'I'd Never Heard Anything Like It': The Prepared Piano Revelations of Pianist Jessica Williams
While browsing the jazz aisle at a neighborhood shop a few years ago, artist Kye Potter found a well-used recording by pianist and composer Jessica Williams. It seemed like the ultimate homemade project. "The labels had come off the tape," he says. "It was copied at home, with printed inserts, a little bit of highlighter to highlight the artwork, and put out on her own label, Ear Art."
For a collector keenly focused on the U.S. experimental scene post John Cage, Potter was intrigued by a tape titled Prepared Piano. However, it felt out of character for Williams, who was most famous for producing vibrant jazz in the straight-ahead tradition of Thelonious Monk and Errol Garner.
Although the west coast jazz circuit knew her as a sonic explorer – during her performances, she asked for pianos with the top removed to make it easier to reach inside and pluck the strings – it was a facet that rarely made it on her releases.
"I had never encountered anything like it," Potter states regarding the tape. Consequently, he contacted Williams to ask if any more recordings had been made. She sent back four recordings of modified piano from the 1980s – two performance tapes, two recorded in a studio. Although she had stepped away from public performance years earlier, she also enclosed some recent work. "She sent me probably 15 or 16 synth tapes – full releases," Potter recounts.
A Posthumous Project: Blue Abstraction
Potter worked with Williams during the Covid pandemic to put together Blue Abstraction, an album of altered piano works that was published in late 2025. But Williams died in 2022, part way through the project. She was seventy-three. "She was dealing with physical and economic challenges," Potter reveals. Williams had been open regarding her struggles after spinal surgery in 2012, which prevented her from tour, and a cancer discovery in 2017. "However, I believe her personality, strength, self-confidence and the peace she found through having a spiritual practice all shone through in conversation."

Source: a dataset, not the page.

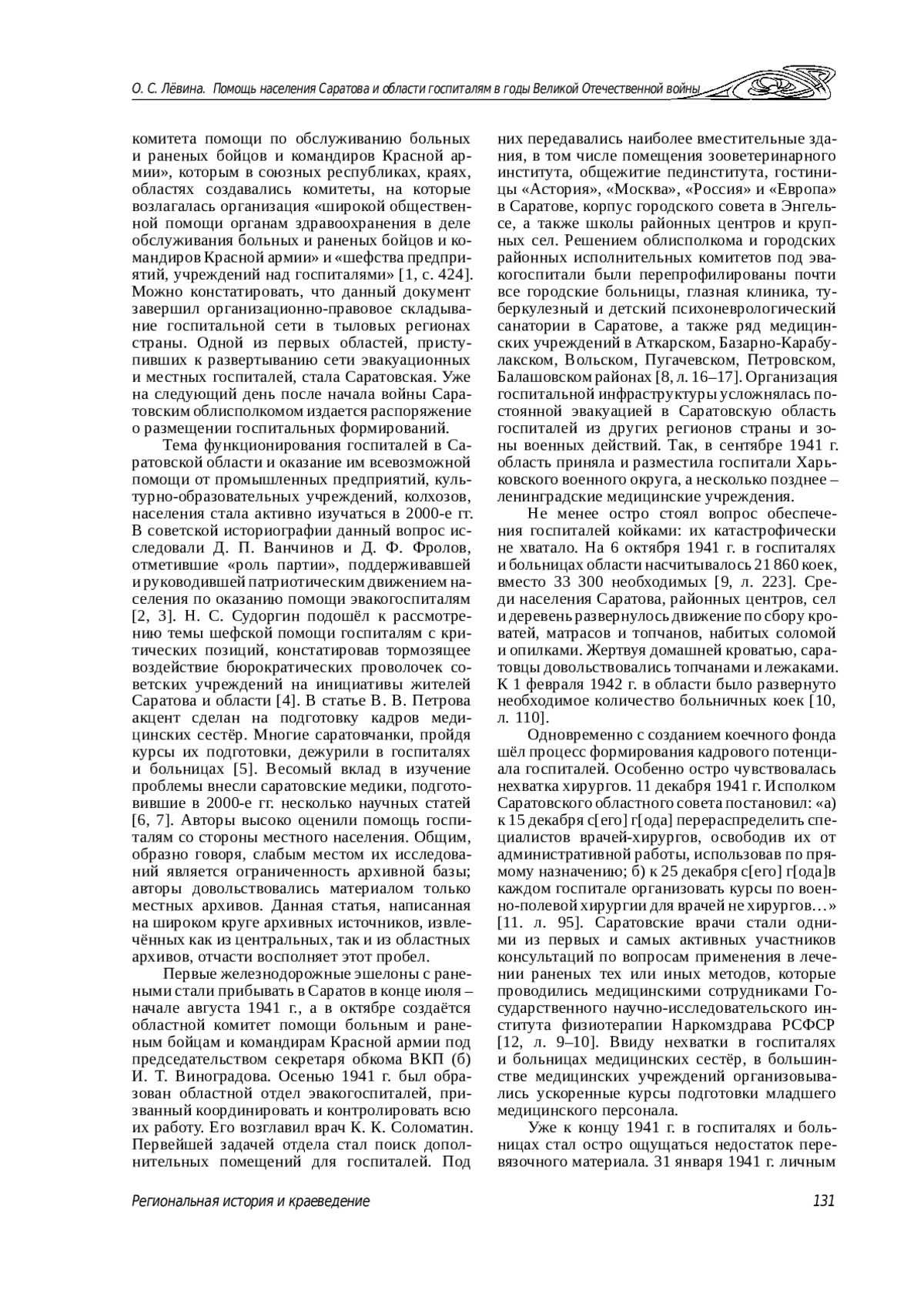 6. Мурылёв Ю. А., Мурылёв В. Ю. Организация работы госпиталей тыла страны на территории Саратовской области в период Великой Отечественной войны 1941-1945 годов. Саратов: Издательство Саратовского медицинского университета, 2000. 64 с.
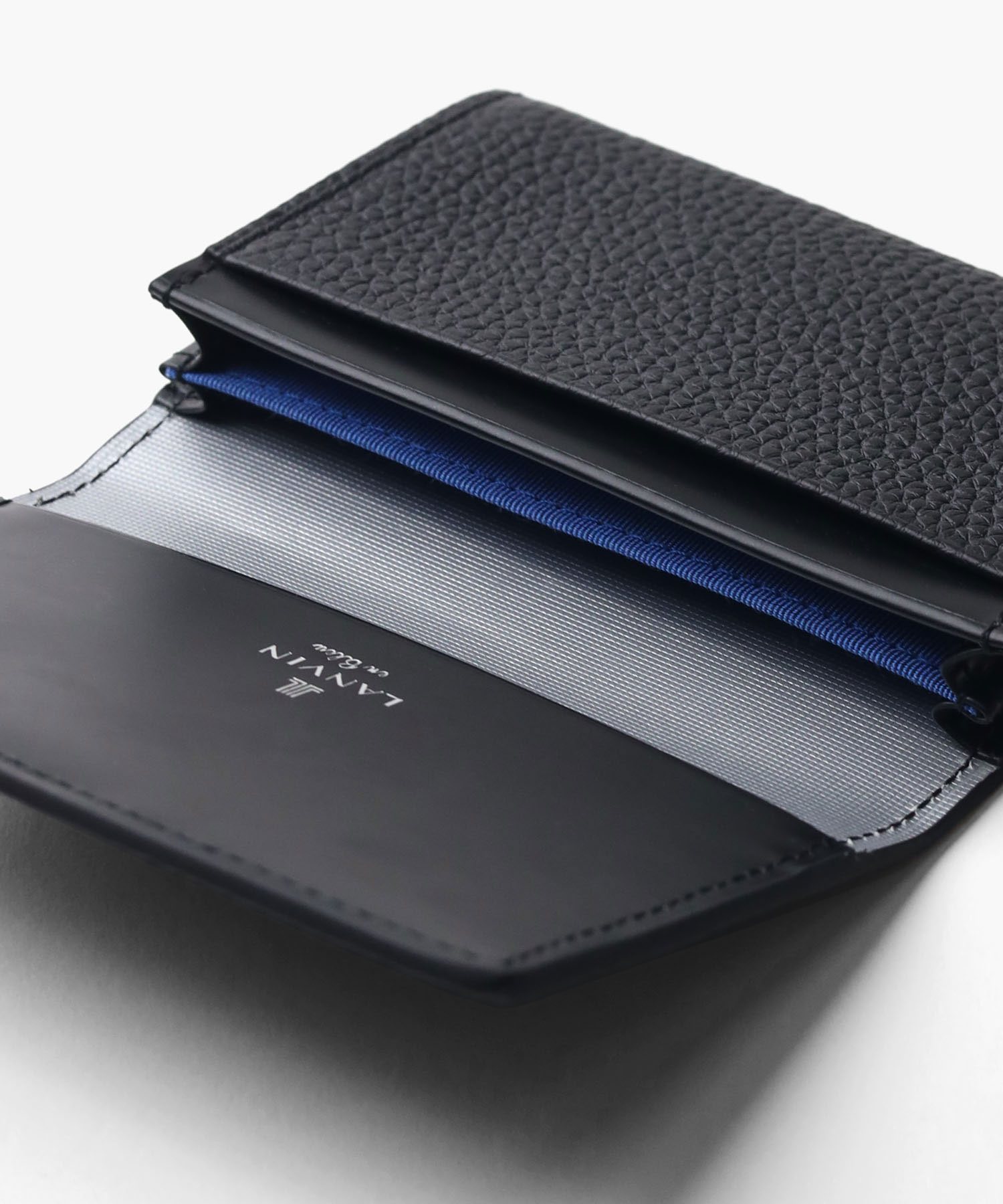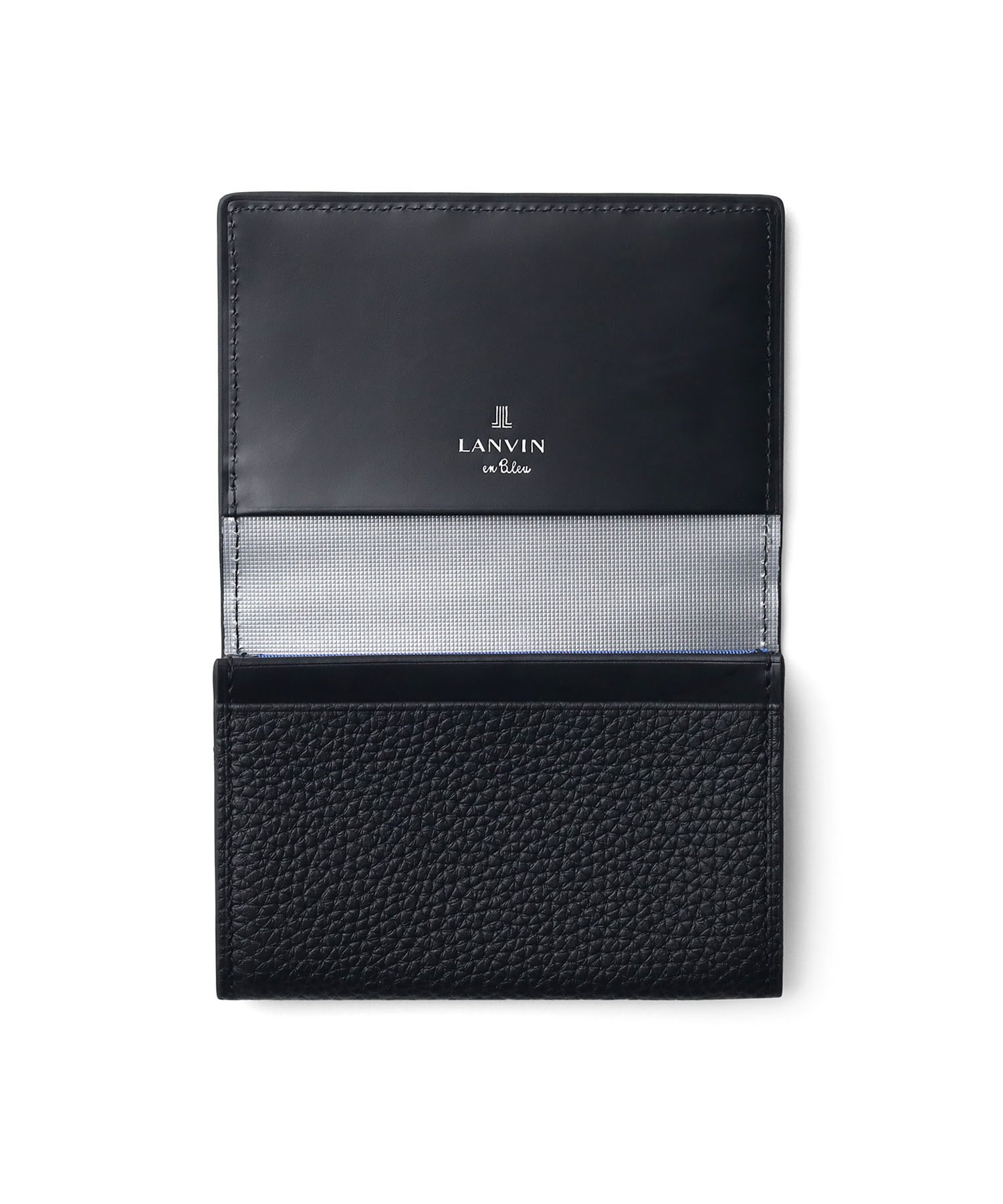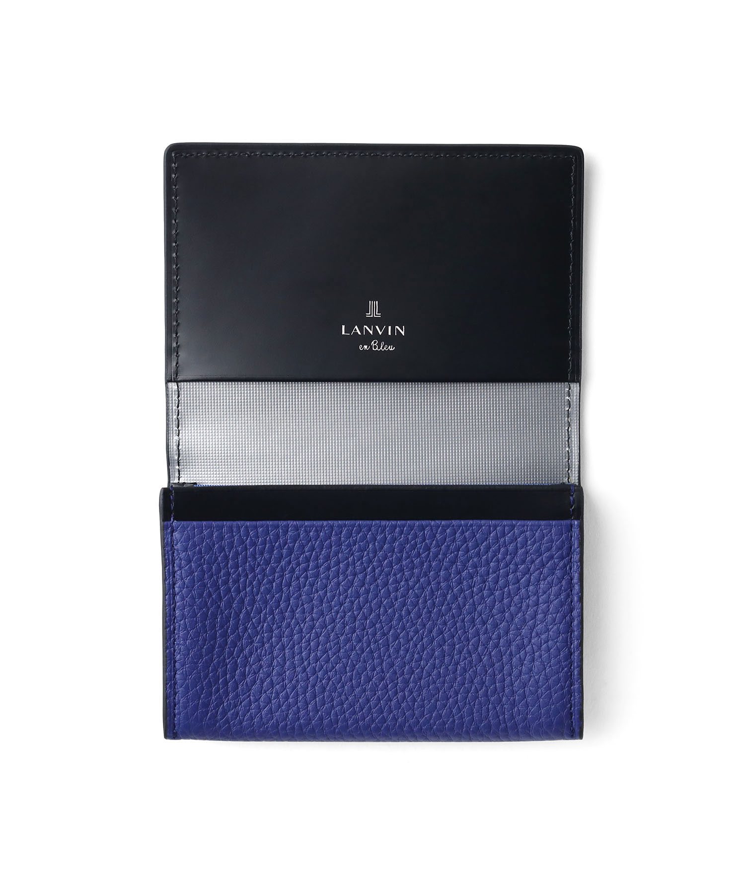 柔らかく上質な手触りが魅力のランバンオンブルーの名刺入れ。シュリンク加工を施したソフトな風合いの牛革を使用しており、傷が目立ちにくく、長く美しい状態を保てます。シンプルで無駄のないデザインに、シルバーのメタルロゴが上品なアクセントを添えています。

Within her more recent synthesizer-driven, rhythm-based releases such as Blood Music (2008) – boldly labeled "NOT JAZZ" – and the two Virtual Miles releases (2006 and 2007), you hear a pianist seeking to escape convention. Blue Abstraction, with its fascinatingly modified piano echoes, demonstrates that that desire extended back decades. Rather than a homogenous piano sound, the instrument creates numerous distinct sonic associations: what could be hammered dulcimers, Indonesian percussion, distant church bells, creatures in enclosures, and little machines sparking to life. It possesses a incredibly pressing energy, with massive roars collapsing into snarling, highly punctuated riffs.
Critical Acclaim
Musician Jeff Parker says he is a fan of this "stunning, eclectic, adventurous and detailed" record. Jessika Kenney, who has collaborated with Sarah Davachi and Sunn O))), saw Williams play while attending school in Seattle in the 1990s, and was drawn to the power of her music, but had scant knowledge of her dreamlike prepared piano before this release. Soon after attending Williams live, she traveled to Indonesia, pursuing "surrealism in the improvisational vocals of the Javanese gamelan," she recalls. "Currently, that feels completely natural as a connection with her. I only wish it was known to me then."
Artistic Forebears
Her altered piano techniques have historical forerunners: think of John Cage’s altered keyboards, or the radical techniques of American eccentric Henry Cowell. What’s striking is how successfully she merges these innovative timbres with her own bluesy vocabulary at the keyboard. Her musical speech scarcely deviates from that which she developed in a catalog stretching to more than 80 albums, so that the new psychedelically coloured sounds are fueled by the bubbling vitality of an improviser in complete command. It’s exhilarating material.
An Eternal Tinkerer
Williams consistently tinkered with the piano. "When I played, I visualized colors," she reportedly said. She obtained her first vertical piano in 1954. In her writings, she recounted the tale of her first "taking apart" – "a practice I continued for all pianos," she wrote: Williams removed a panel from below the piano’s keyboard, and put it on the floor beside her stool. "Seeking rhythm, my left foot turned into the hi-hat pedal," she stated.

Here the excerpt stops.